Notre nation et son Assemblée nationale est fière de Claude Vivier, dont la vie a été abrégée si injustement, dont la mort nous a privés de la puissance créatrice d’un homme qui a marqué l’histoire de notre musique nationale et qui est encore aujourd’hui une source d’inspiration par l’universalité de son langage musical pour les créateurs d’ici et d’ailleurs.

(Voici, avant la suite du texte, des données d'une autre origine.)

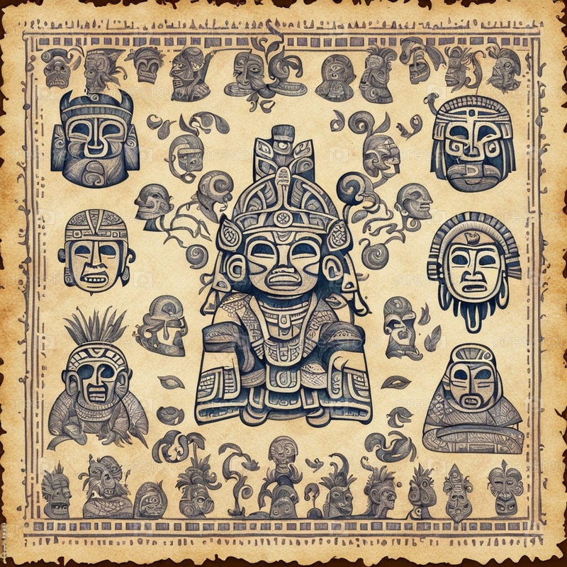 Ацтекские боги с древним мезоамериканским орнаментом на старой бумаге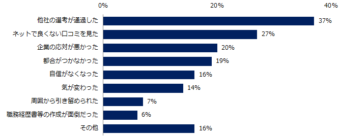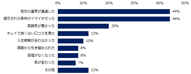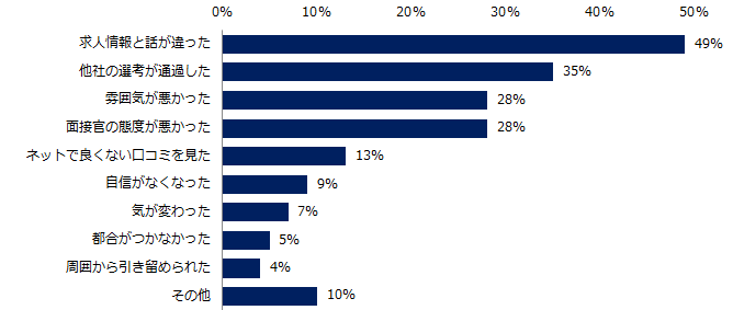面接前に選考を辞退した方に理由を伺うと、トップ3は「他社の選考が通過した」(37%)、「ネットで良くない口コミを見た」(27%)、「企業の応対が悪かった」(20%)でした。また面接後に選考を辞退した理由、第1位は「求人情報と話が違った」(49%)。内定取得後に選考を辞退した理由、第1位は「他社の選考が通過した」「提示された条件がイマイチだった」(それぞれ44%)でした。

Je tiens à féliciter la Société de musique contemporaine du Québec et en particulier son directeur artistique, Walter Boudreau, et sa directrice générale, Pierrette Gingras, de faire vivre Claude Vivier et sa musique en cette année de commémoration. Et je suis reconnaissant à la SMCQ, à tous ses partenaires, et notamment à la Fédération des musiciens éducateurs du Québec, du Conseil québécois de la musique, du Centre de musique canadienne au Québec, d’avoir cherché à faire connaître l’œuvre de Claude Vivier auprès des élèves des écoles de toutes les régions du Québec. Merci de vous acquitter d’un devoir de mémoire, de nous inviter à reconnaître l’immense contribution de Claude Vivier à la vie musicale du Québec et sa contribution à l’enrichissement du patrimoine musical de l’humanité.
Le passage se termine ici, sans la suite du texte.